Action item
Exactly retype the lines below from the one containing "O Americano de" through the end of the listing. Leave pictures out.

Source data
---
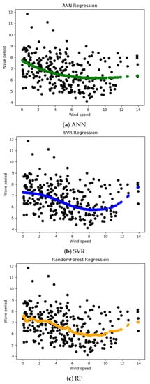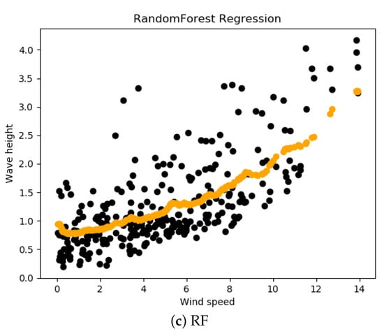 The regression results of wave height based on the RF regressor are presented in Figure 8c. The black dots are actual testing data, and the orange dots are the predicted values. It is clear that the predicted values follow the pattern of the actual testing data. The pattern is not as smooth as SVM or ANN because RF is not a single decision tree method; rather it is an ensemble method that works by taking the average of different decision trees’ predictions.
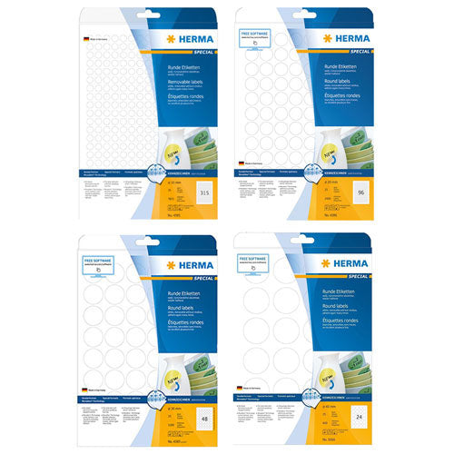 Add a touch of charm to your labeling tasks with Herma Round Removable Labels! This pack includes 25 white labels in a round shape, perfect for a variety of labeling applications. With a removable adhesive backing, these labels offer convenience and flexibility for temporary labeling needs. Whether for organizing, crafting, or personal use, these round removable labels provide versatility and charm for all your labeling needs. Get ready to make your labels stand out with Herma Round Removable Labels!
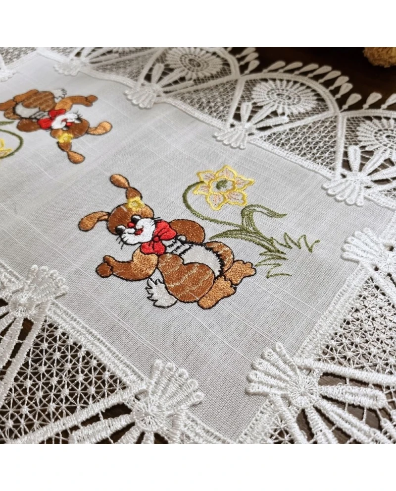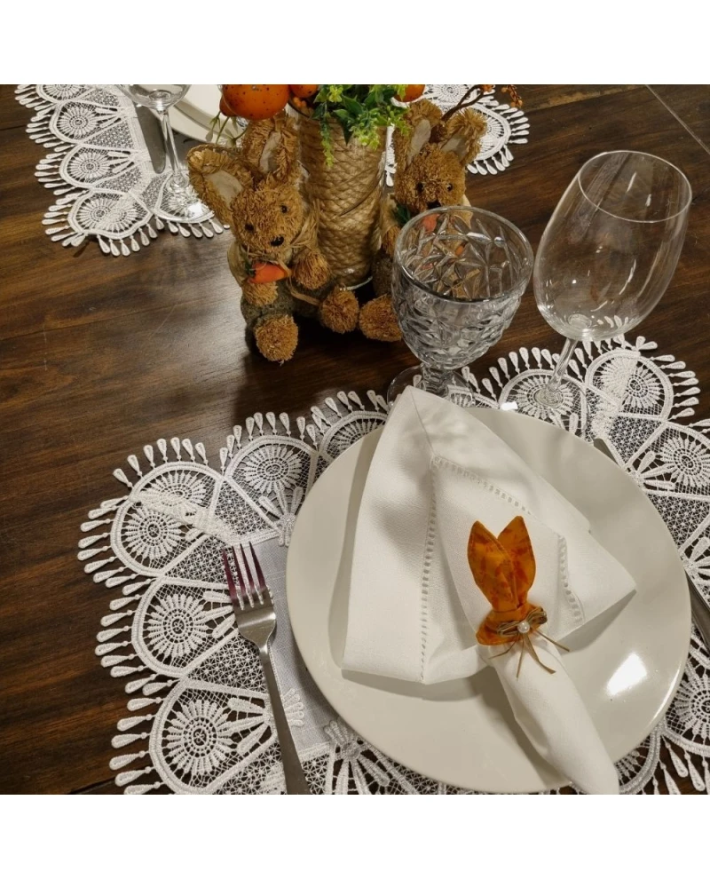 O Americano de Páscoa com Guipure é ideal para quem deseja uma mesa posta elegante, delicada e com acabamento sofisticado nessa data especial. O detalhe em guipure adiciona um toque clássico e refinado à peça, elevando a decoração da mesa e criando composições encantadoras para almoços e celebrações de Páscoa.
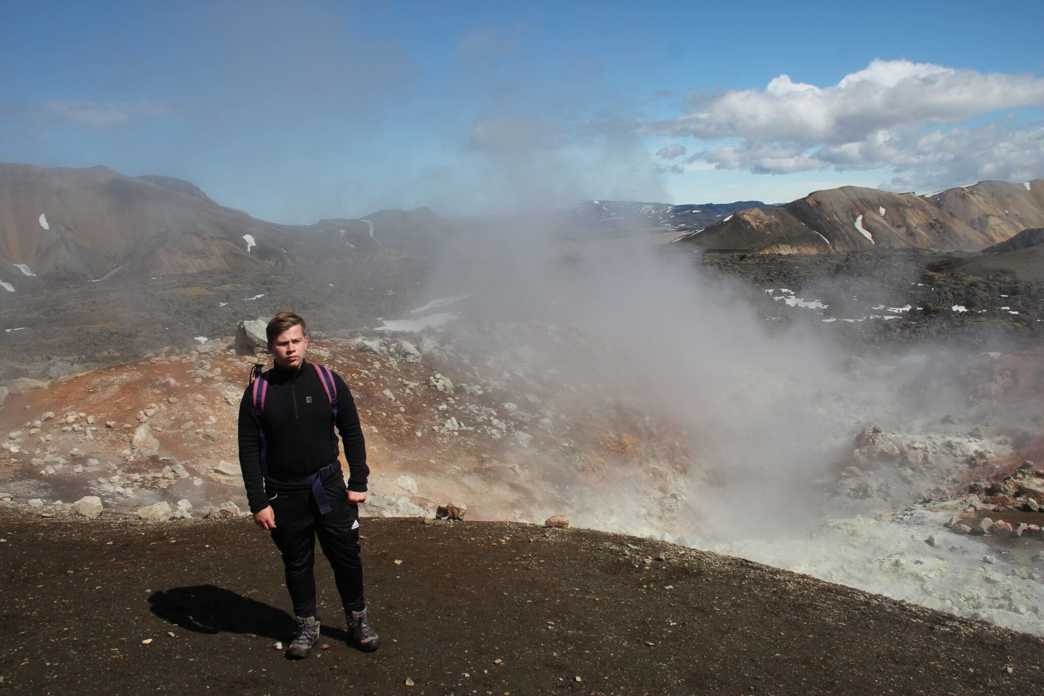 Our guide will offer a tour through the Laugahraun Lava to the mountain Brennisteinsalda and back to Landmannalaugar through the Grænagil Canyon. This trek is 4,5 km and not technically complex. We will observe bubbling rivers, geothermal hot springs, beautiful lava, and colorful mountains.
---
Worked solution
 O Americano de Páscoa com Guipure é ideal para quem deseja uma mesa posta elegante, delicada e com acabamento sofisticado nessa data especial. O detalhe em guipure adiciona um toque clássico e refinado à peça, elevando a decoração da mesa e criando composições encantadoras para almoços e celebrações de Páscoa.
 Our guide will offer a tour through the Laugahraun Lava to the mountain Brennisteinsalda and back to Landmannalaugar through the Grænagil Canyon. This trek is 4,5 km and not technically complex. We will observe bubbling rivers, geothermal hot springs, beautiful lava, and colorful mountains.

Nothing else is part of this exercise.